Révéler la guerre de Duterte avec des données, des caméras et des chaussures en cuir

(Informations entreprises) – Clarita Alia savait ce qui allait arriver.

Le président des Philippines, Rodrigo Duterte, fait un discours pendant le 121e anniversaire de la création de l'armée philippine à Taguig, dans la région de Manille, aux Philippines, le 20 mars 2018. REUTERS / Romeo Ranoco

Son collègue Manny Mogato en mai 2016 dans un bidonville de Davao City, juste après son maire de longue date, Rodrigo Duterte – également connu sous le nom de "The Punisher" – a été élu président des Philippines. Quatre des fils d'Alia ont été tués à Davao dans une campagne anti-drogue brutale que Duterte avait promis de prendre à l'échelle nationale.

"Le sang coulera comme une rivière", prédit Alia.

Elle avait raison.

Quelques mois après l'entrée en fonction de Duterte en juin 2016, des policiers ou des hommes armés non identifiés avaient tué des milliers de suspects de drogue. C'est ainsi que, rejoints par un autre collègue, Clare Baldwin, nous avons entamé notre reportage approfondi sur «La guerre de Duterte» qui allait remporter le Prix Pulitzer de Informations entreprises pour les reportages internationaux.

Lisez l'enquête ici: ici

Au début, nous nous sommes concentrés à raconter les histoires tragiques des victimes de la guerre contre la drogue et à contester les fausses déclarations de l'administration Duterte. En 2017, nous nous sommes fixé un objectif plus grand et plus risqué: exposer la machine à tuer derrière ces morts – la police philippine – et nommer les tueurs eux-mêmes.

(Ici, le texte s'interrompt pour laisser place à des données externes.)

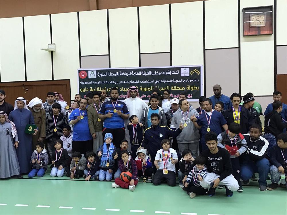 وأشار رئيس نادي المدينة المنورة لذوي الاحتياجات الخاصة المهندس يحيى سيف إلى أن هذه البطولة السنوية تعد الفريدة من نوعها التي ينظمها النادي وتشرف عليها الهيئة العامة للرياضة بالتعاون مع اللجنة البارالمبية السعودية، وأدار البطولة حكام معتمدون ومدربون لمثل هذه البطولات، داعيا أولياء الأمور لدعم هذه النوعية من البطولات بالحضور ومشاركة الأبناء لأن هذه البطولات ومثلها من البرامج هي إحدى ركائز العمل في النادي.
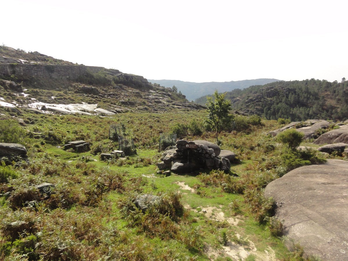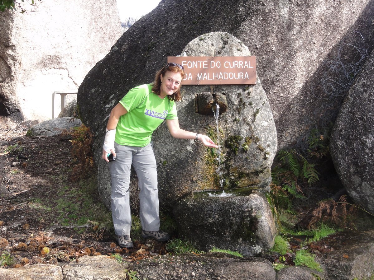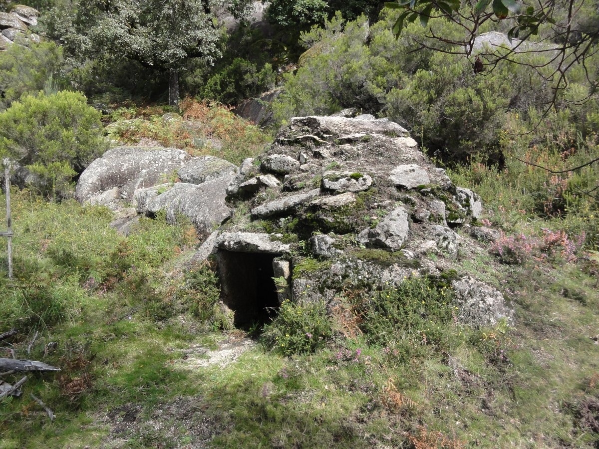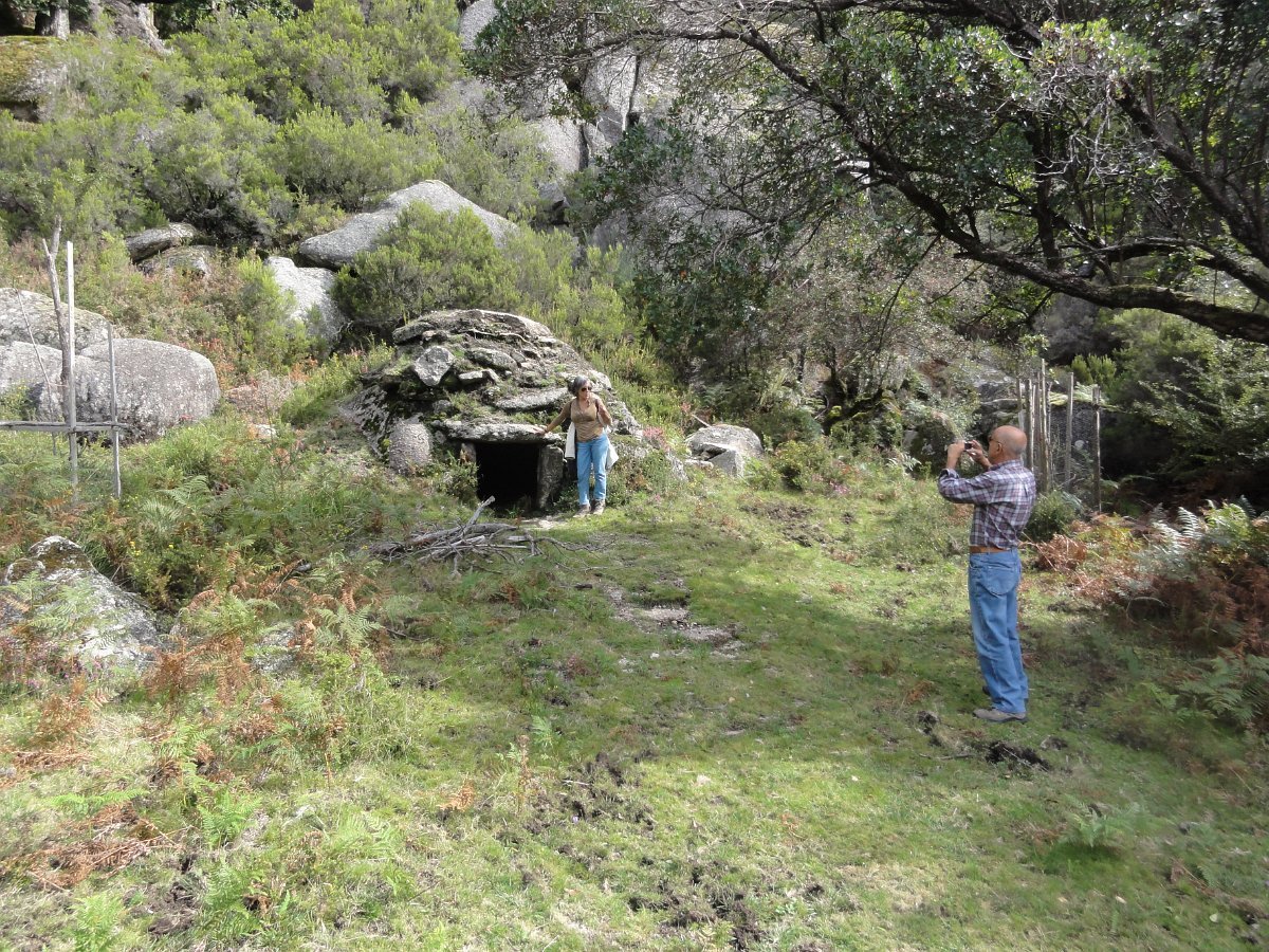 Depois de uma breve pausa, recomeçamos a subida até ao Curral da Malhadoura, com o seu abrigo encravado nas chochas e fonte de água cristalina que brota debaixo de enorme mole granítica, outrora usado para confinar o gado que pastava nestas paragens.
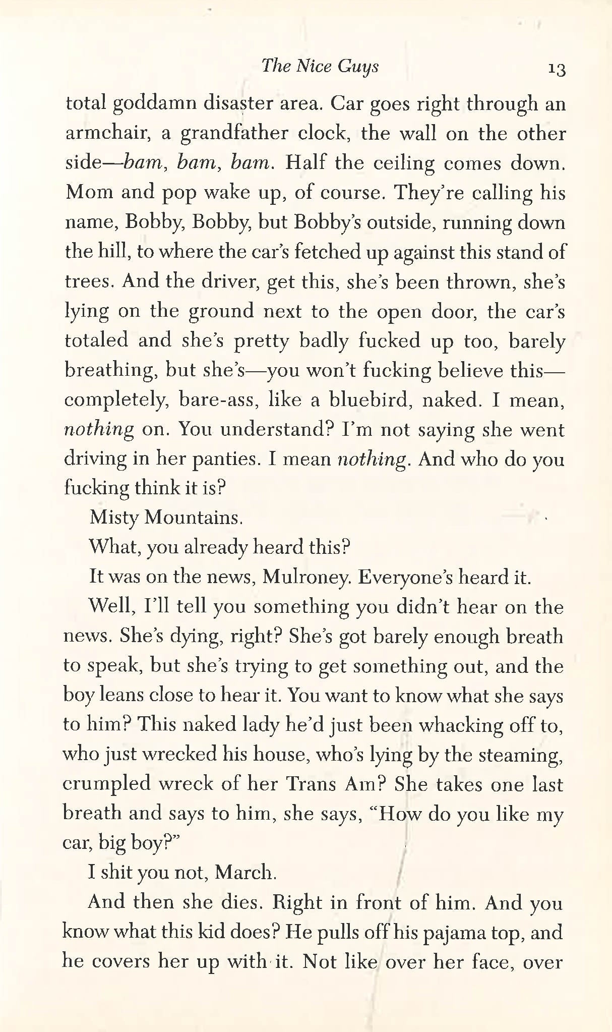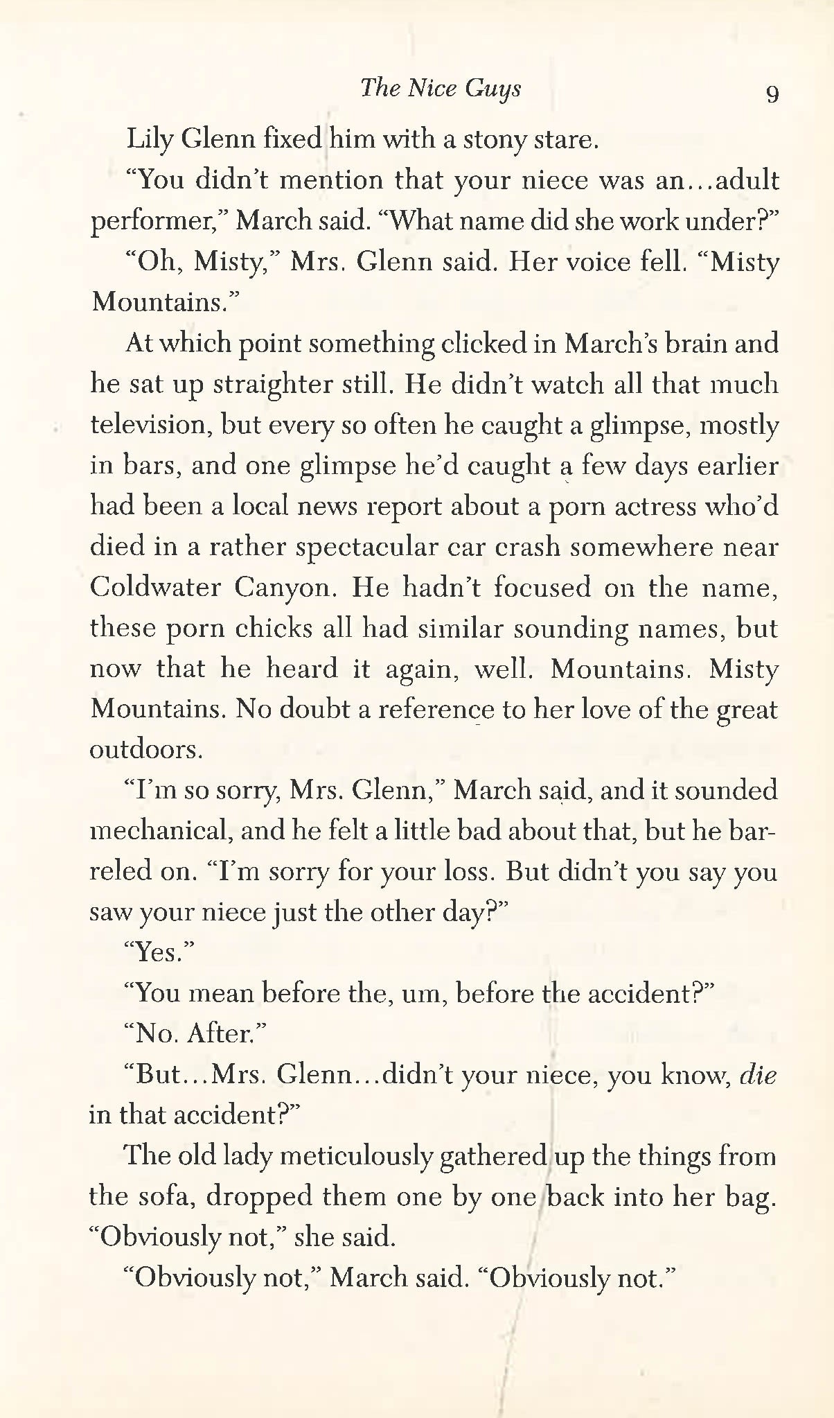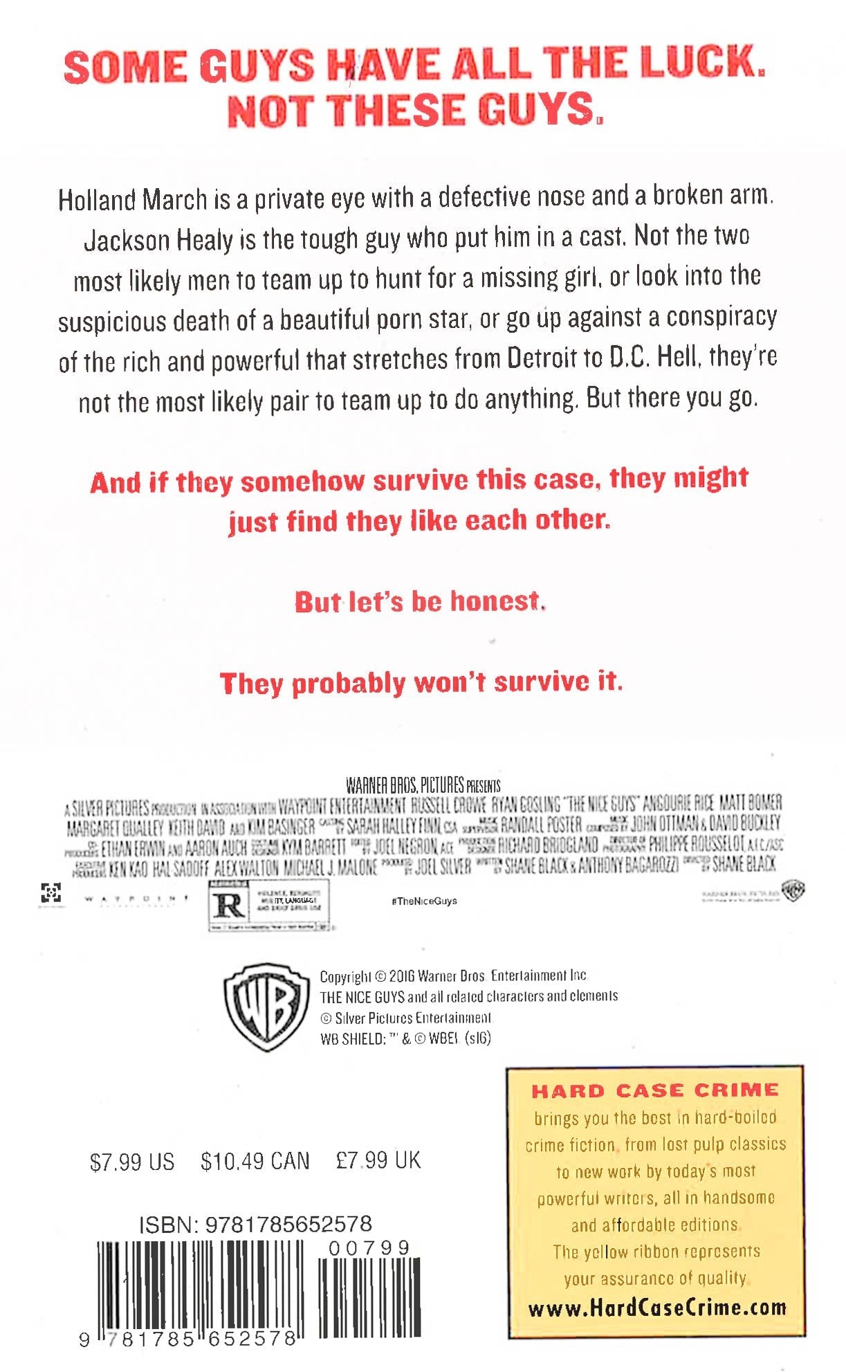 Holland March is a private eye with a defective nose and a broken arm. Jackson Healy is the tough guy who put him in a cast. Not the two most likely men to team up to hunt for a missing girl, or look into the suspicious death of a beautiful porn star, or go up against a conspiracy of the rich and powerful that stretches from Detroit to D.C. Hell, they're not the most likely pair to team up to do anything. But there you go. And if they somehow survive this case, they might just find they like each other. But let's be honest. They probably won't survive it.
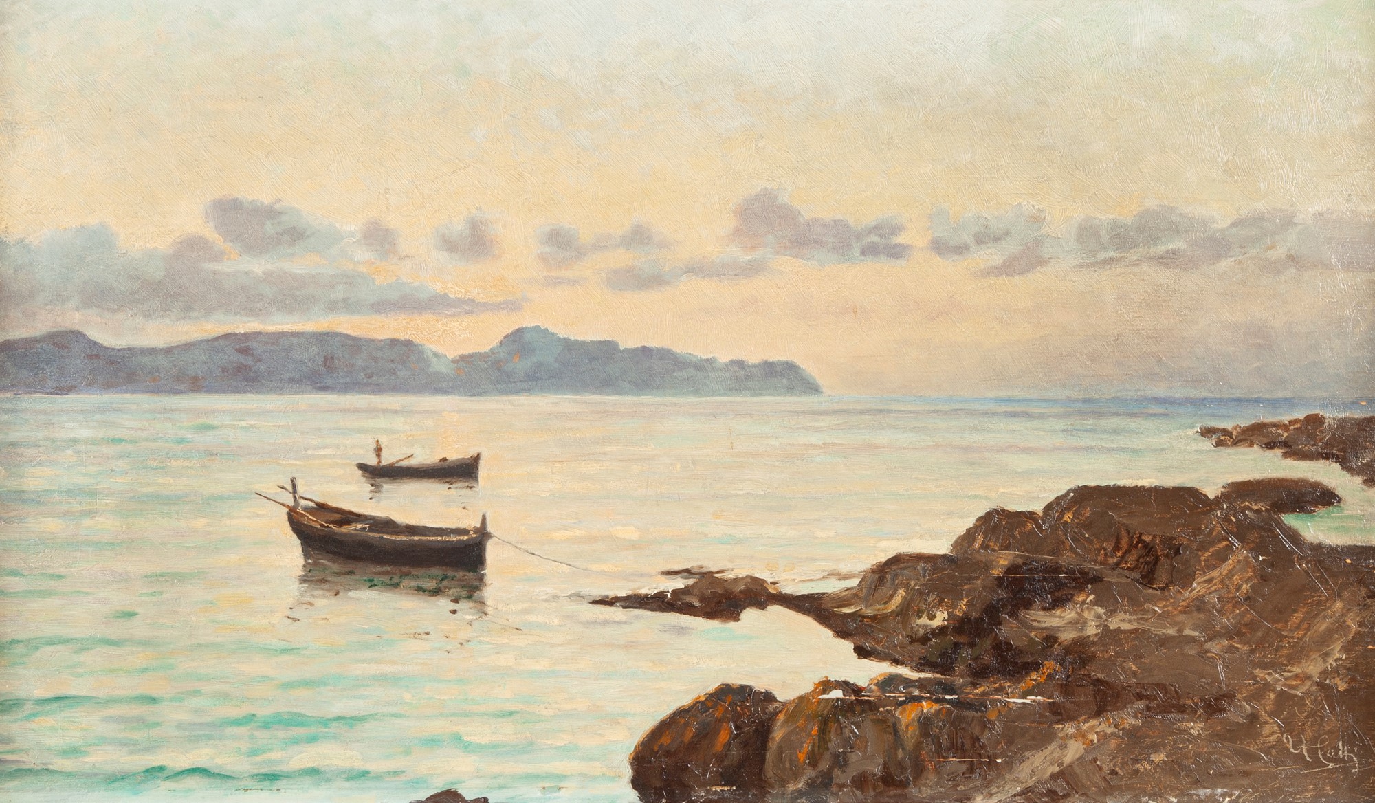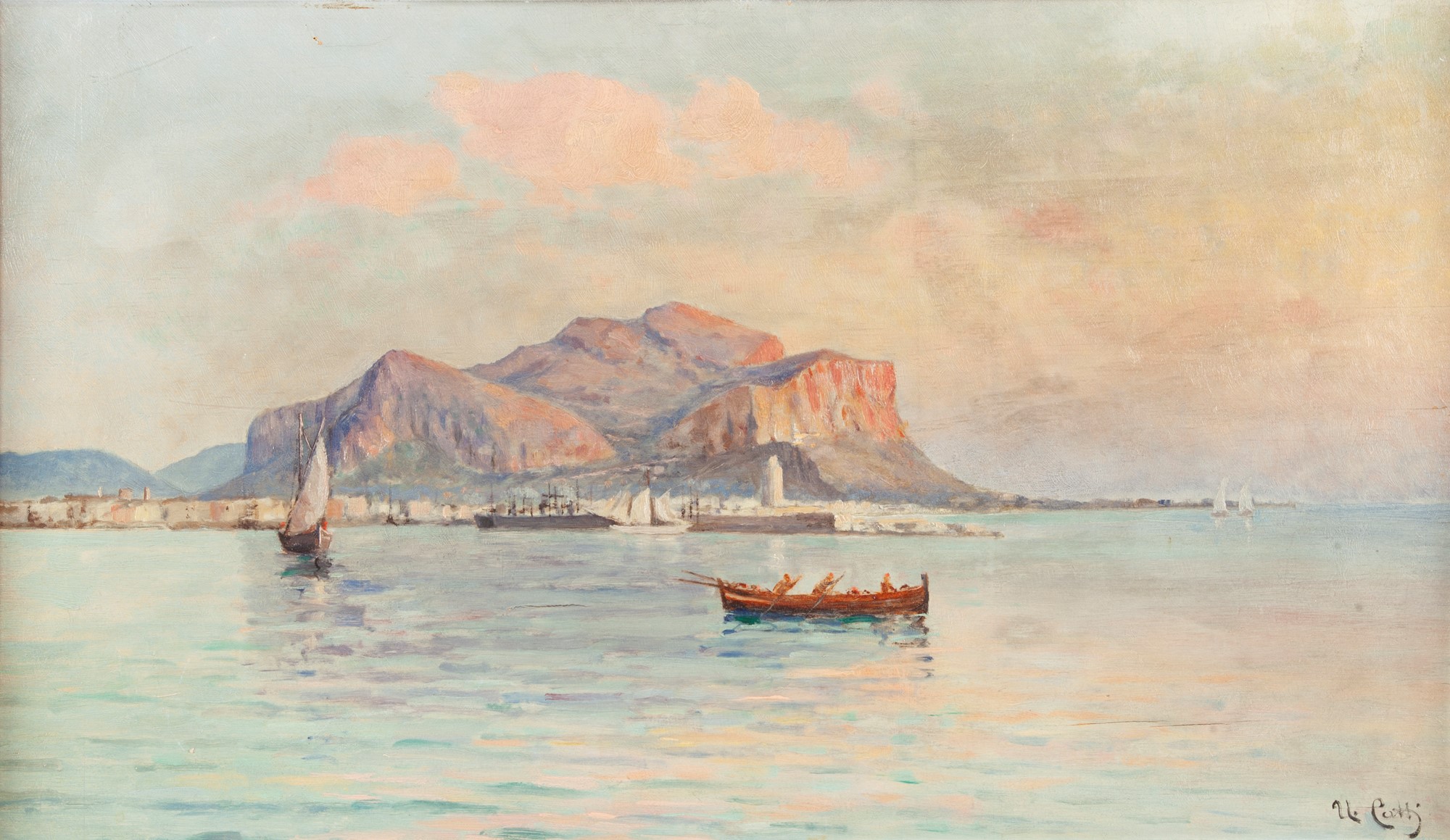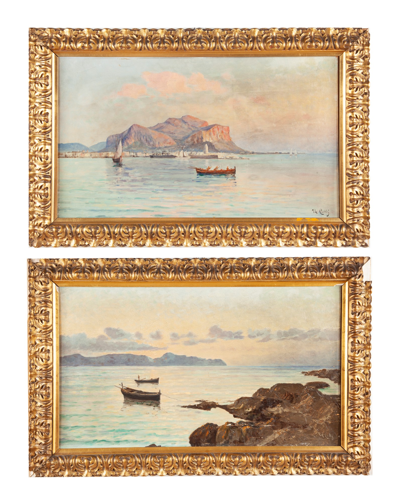 Ugo Catti a) Paesaggio siciliano b) Palermo e monte Pellegrino Firmati in basso a destra: A. Catti coppia di olii su tavola cm 35x61 - in cornice cm 45x71

Nous l'avons fait en fusionnant le journalisme de données, le multimédia et le reporting chaussure-cuir. Clare et moi avons consulté et analysé une mine de rapports officiels sur la criminalité, des images de caméras de sécurité et des photos de scènes de crime. Cela nous a permis d'identifier non seulement de nouveaux modèles dans les tueries, mais aussi les meilleurs tueurs.

Nous avons corroboré nos conclusions avec des mois de reportage dans des bidonvilles et des postes de police hostiles, travaillant souvent en équipe pour se surveiller mutuellement. Clare a été accueillie à une station par des détectives d'homicide qui ont crié et ont soulevé leurs chemises pour montrer leurs pistolets.

Des groupes de défense des droits de l'homme ont imputé des milliers de meurtres de type autodéfense à la police ou à leurs associés. La police a publiquement nié cela. Mais deux officiers supérieurs – l'un d'eux, parfois, tremblant de nervosité – ont dit à Clare et à Manny que la police avait exécuté la plupart de ces meurtres. Cette histoire a également cité un rapport secret, divulgué à Manny, qui détaille comment la police a reçu de l'argent pour l'exécution des suspects, a planté des preuves sur les scènes de crime et a désactivé les caméras de sécurité dans les quartiers où ils comptaient tuer.

Ce qui a donné à nos histoires leur puissance – et ce qui a tellement énervé l'administration Duterte – était notre utilisation des données de la police philippine, principalement sous la forme de rapports criminels, pour saper et réfuter les réclamations officielles. En 2017, la police a rendu plus difficile l'obtention d'informations sur leurs opérations meurtrières, tandis que le gouvernement a lancé sa propre campagne pour contrer ce qu'il a qualifié de «fausses nouvelles» sur les assassinats liés à la drogue.

Malgré cela, nous avons continué à recueillir les données de la police en faisant des appels, en écrivant des lettres et en visitant des stations pour inspecter et enregistrer des documents et d'autres documents originaux. Cela nous a permis d'identifier une unité de police mortelle de la ville natale de Duterte – les «Davao Boys». Forts de ces données, Clare et moi avons retracé le chemin meurtrier de l'unité dans les rues de Metro Manila. Lorsque Clare a demandé à un Davao Boy pourquoi il avait été choisi pour l'unité, il a souri et a répondu: "Compétences de tuer spécial."